# [Task brief]
Reproduce, exactly and only, the lines of the data that follows from the one containing "La Villa Néo" down to the one containing "А уравнение дистанций...", without pictures.

# [Exercise inputs]
►

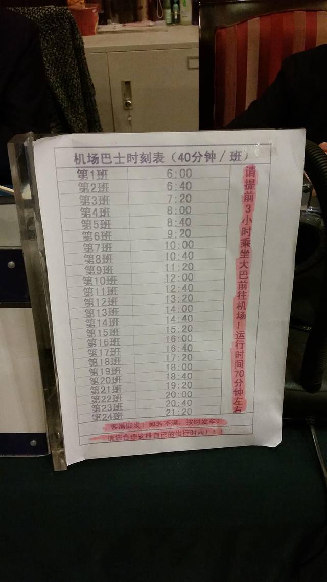 进小寨站,购买至南稍门的票,2元一位,中间只隔了一个体育场站,就到了,南稍门下站走西安宾馆(您要知道,所有的机场大巴都会给您下到某个宾馆门口,此时不要去坐钟楼的机场大巴,该站已经撤销),刚刚一班去机场的大巴已发出,门口又站着一个拉黑车的,他假装售票员,下一班马上就到,售票员上厕所了,在他那里等,小L信以为真,正准备过去,我头也不回的拉着他往宾馆里走,嘴里嚷着,我们上个厕所,出来再说。小L还一头雾水。进去一看,才知道购票在宾馆大堂拐角处,同样是25元一位。大家不要以为晚上9点过后还有车可以坐,下面会给大家一个二维码,你扫一下就能通过微信掌握机场大巴的时刻表了(同样返程也是大概在一个小时左右)。
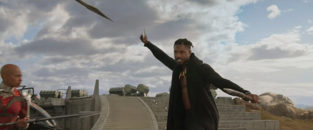 Erik Killmonger justement. Sa famille et lui étaient au service de Ulysses Klaw (Andy Serkis) au Wakanda alors qu’il n’était encore qu’un jeune garçon. Après la débâcle de Klaw, la famille s’exila à Harlem. Depuis cela, Erik Killmonger ne cessa d’en vouloir à Klaw, mais aussi à Black Panther quitte à tenter désespérément de le détrôner. Dans la bande-annonce, c’est lui et ses associés qui libèrent Klaw de sa détention (il porte un masque tribal). Dans le film, il se servira ensuite de Klaw pour parvenir à ses fins… Disney décrit le personnage tel « un puissant guerrier et fin stratège politique et économique ».
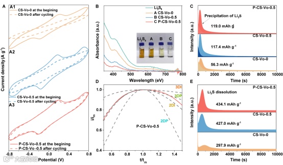 图3. (A)对称电池循环开始时和循环结束后的CV曲线;(B) Li2S6吸附图和紫外可见光谱;(C) 不同催化剂的成核过程;(D) P-CS-Vo-0.5对应的无量纲瞬态曲线;(D)不同催化剂对Li2S的解离过程。
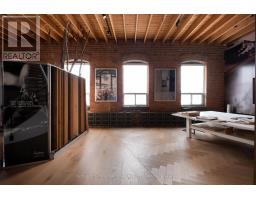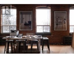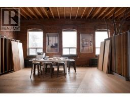 Set within a post and beam Georgian-style industrial building originally constructed approximately 1930 as the head office of Purity Flour Mills, 287 Macpherson Avenue is a boutique office building shaped by heritage proportion, material presence, and architectural resonance, adapted for contemporary use. Suite 304 comprises a defined portion of the upper level, conceived as a self-contained studio environment organized around a sculptural spiral staircase and mezzanine. This space captures the most vertically expressive elements of the floor, offering a distinctive workspace defined by volume, light, and layered spatial experience across 2,143 square feet (approximately). The main level functions as an open plan working studio and office, grounded by exposed brick, custom wide-plank wood flooring, and a refined interplay between structure and light. Large industrial-scale south facing windows bring natural light into the space, while the staircase anchors the layout both functionally and visually. Above, the approximately 271 square foot mezzanine introduces a quieter counterpoint. Framed by the pitched roofline, exposed joists, and glazed skylights, this upper level is ideal for focused work, a private office, or an intimate meeting space, while remaining visually connected to the studio below. The result is a workspace that feels open yet deliberate, with a natural sense of flow between levels. This suite offers an intimate yet architecturally rich environment that's well suited to design-led practices, architecture and interiors firms, or principal-led offices seeking a studio that balances presence with privacy. The space functions as a complete working environment, where material, light, and proportion shape both daily use and client experience. (id:47351)
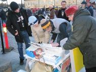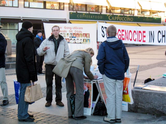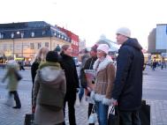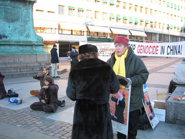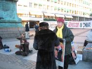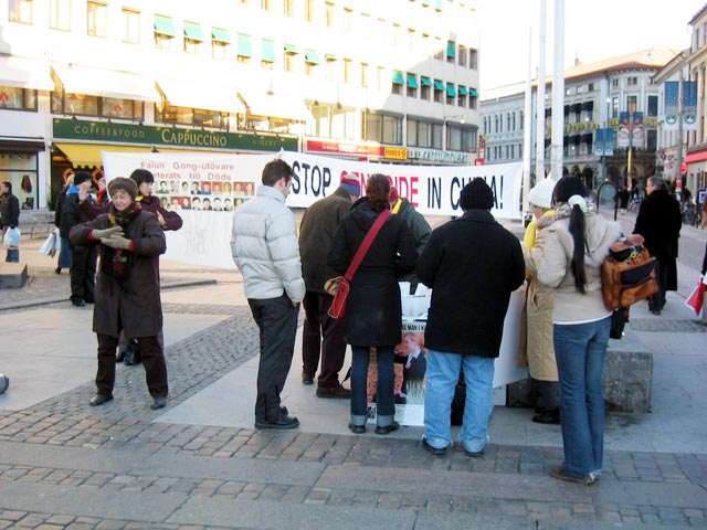 圣诞来临的前夕,对许多瑞典人来说是一个充满团圆与快乐的时光。此时此刻,学员们仍然不忘在中国的法轮功学员以及他们的家人,他们正在承受着无法形容的残酷迫害。学员们要向人们揭露这场正在中国发生的残酷迫害。
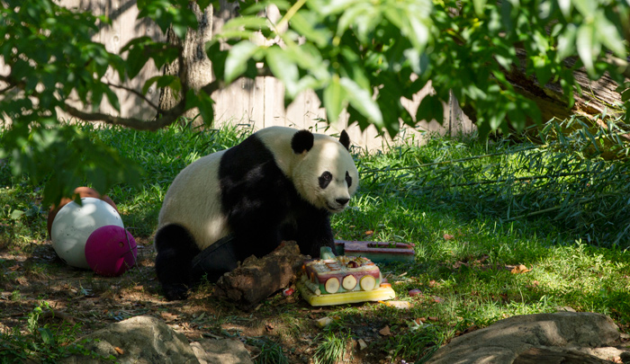 Para su cuarto cumpleaños el plantígrado blanco y negro degustó un pastel congelado rojo, amarillo y azul adaptado a su alimentación, como parte de una celebración que fue transmitida mediante el sistema "Panda Cam" que graba en directo su habitáculo.
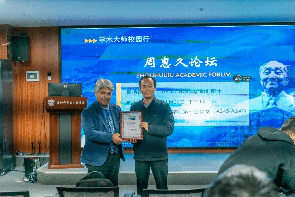 最后,现场师生踊跃提问,Javad Mostaghimi教授耐心做解答,讨论气氛活跃。马飞教授为Javad Mostaghimi教授颁发“周惠久论坛终身成就奖”荣誉证书并表示希望今后与Javad有更多深入交流和学习的机会。同学们向Javad Mostaghimi教授献上鲜花和祝福。
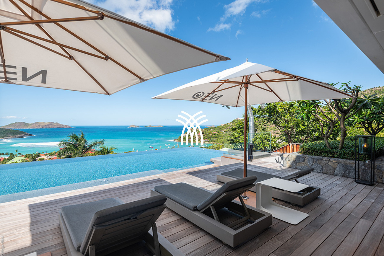 La Villa Néo incarne le summum du luxe et de la modernité à Saint-Barthélemy. Située dans le quartier exclusif de Saint-Jean, cette villa exceptionnelle offre une vue panoramique spectaculaire sur la mer des Caraïbes et les îles environnantes. Son architecture contemporaine, subtilement inspirée du charme caribéen, crée un univers raffiné où design, confort et nature s’harmonisent parfaitement.
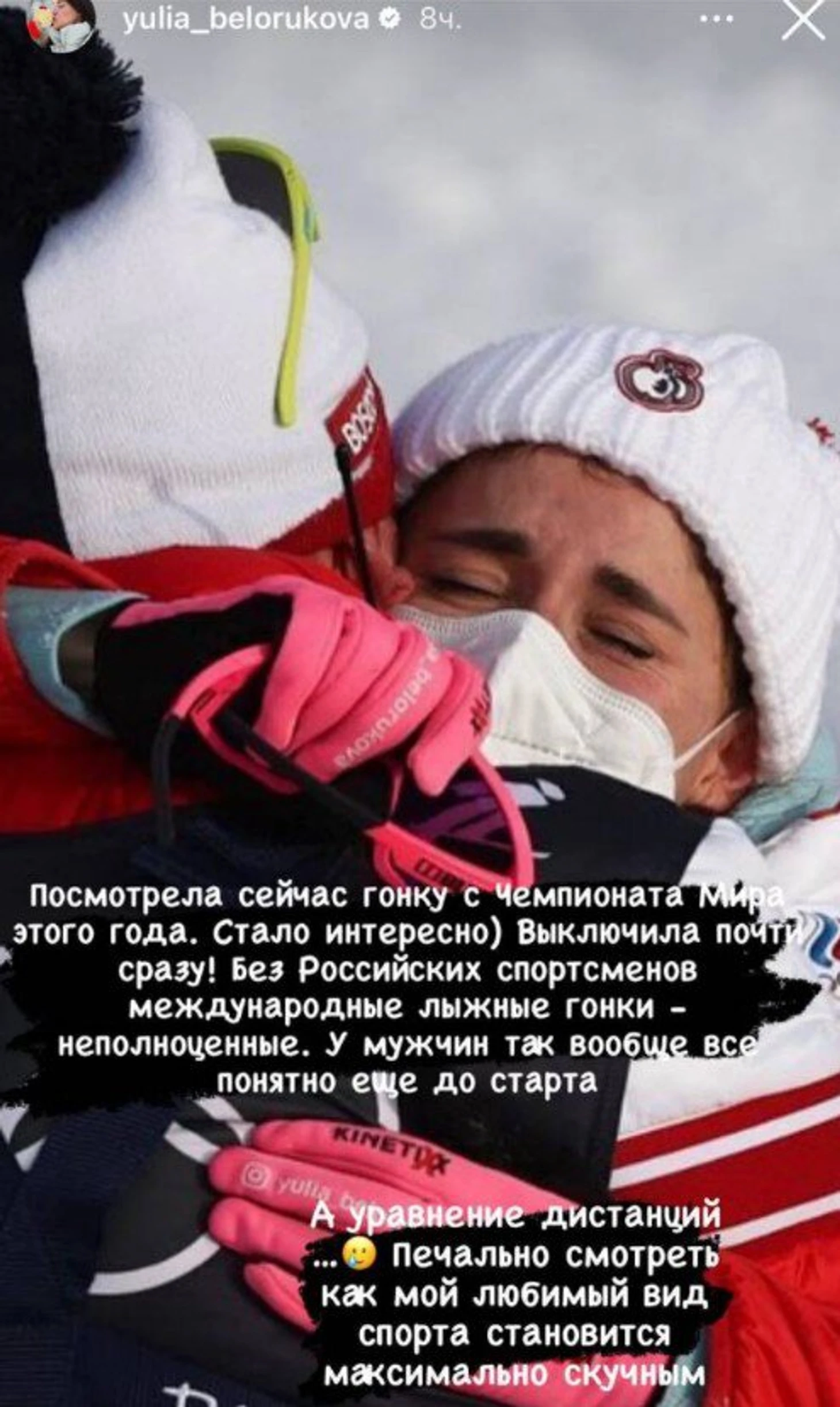 А уравнение дистанций... Печально смотреть, как мой любимый вид спорта становится максимально скучным», – написала олимпийская чемпионка 2022 года в эстафете.
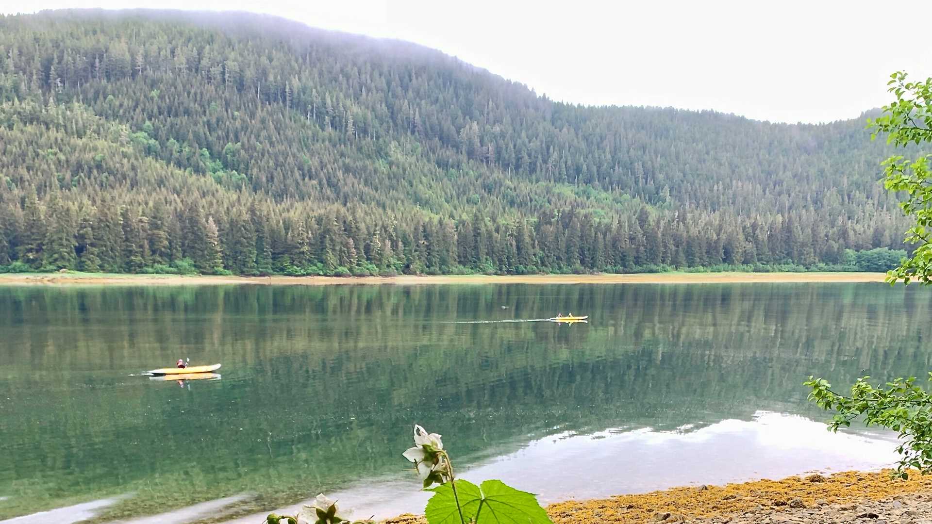 Our voyage continues to be one chock full of activities, wildlife, and remarkable scenery as we explore the varied regions of Southeast Alaska. National Geographic Venture has headed south to the junction of Chatham and Peril Straits, geographically central to the major islands of Admiralty, Baranof, and Chichagof. The morning was spent anchored in Sitkoh Bay, with options for hiking and kayaking. In the forest, on the beaches, and in the bay, we saw abundant wildlife and their signs, including bears, river otters, banana slugs, and lion’s mane jellyfish. In the afternoon, we cruised these scenic waters for wildlife, and we were mesmerized by the cascading Kasnyku Falls. Whale watching was in order, and we were duly rewarded.
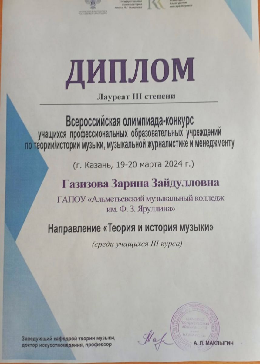 Газизова Зарина - Лауреат 3 степени по теории/истории музыки.
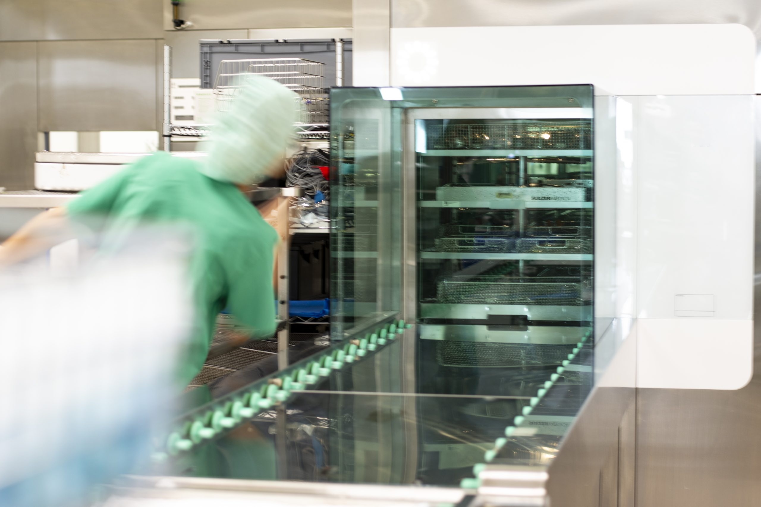 Die eigentliche Sterilisation der Instrumente findet im nächsten Schritt statt. Die sauberen OP-Instrumente, die nun in Containern mit Unter- und Überdruckventilen sowie in Vlies verpackt sind, werden erneut in eine Anlage geschoben, den Sterilisator. Dort wird aus den Containern und den Vlies-Paketen die Luft herausgezogen, damit der Dampf mit 134°C und zwei Bar Überdruck einströmen kann. Das sind die Bedingungen für die Sterilisation. Der Vorgang dauert insgesamt rund eineinhalb Stunden. „Die eigentliche Sterilisation ist nur fünf Minuten lang“, berichtet Schindler.Übrigens steht eine Maschine zusätzlich immer als Reserve für Notfälle bereit. Denn jedes OP-Set steht im Normalfall einmal täglich zur Verfügung. Die zusätzliche Anlage ermöglicht es, flexibler zu reagieren und den Sterilisationssprozess bei dringendem Bedarf ohne Wartezeit sofort zu starten.
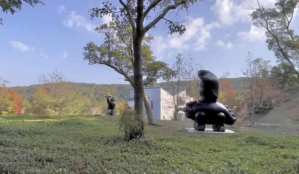 前往隱辰山居的尋訪接近尾聲,我們沿緩坡散步至正門,雨過天晴後,一隻蝸牛緩緩爬過暮色餘暉中雕塑的光滑表面,想起方才在室內牆上所見,李真十餘年前的一紙書法「磴古松斜苔,老一片清愁」。對於他近年來選擇安居於此,似也有了新的理解:若說李真的雕塑是其內在世界與外部碰撞後的具體現身,這一片尚未被完全整飭、也並不急著規畫的山坡,也好似仍存野生之境的精神領地,預留給未來的驚喜。如其所言:「只要生命還沒結束,就會不斷地去印證自己對感知的感動。只要還活著,這就會不斷持續下去。」

◄

# [Written response]
 La Villa Néo incarne le summum du luxe et de la modernité à Saint-Barthélemy. Située dans le quartier exclusif de Saint-Jean, cette villa exceptionnelle offre une vue panoramique spectaculaire sur la mer des Caraïbes et les îles environnantes. Son architecture contemporaine, subtilement inspirée du charme caribéen, crée un univers raffiné où design, confort et nature s’harmonisent parfaitement.
 А уравнение дистанций... Печально смотреть, как мой любимый вид спорта становится максимально скучным», – написала олимпийская чемпионка 2022 года в эстафете.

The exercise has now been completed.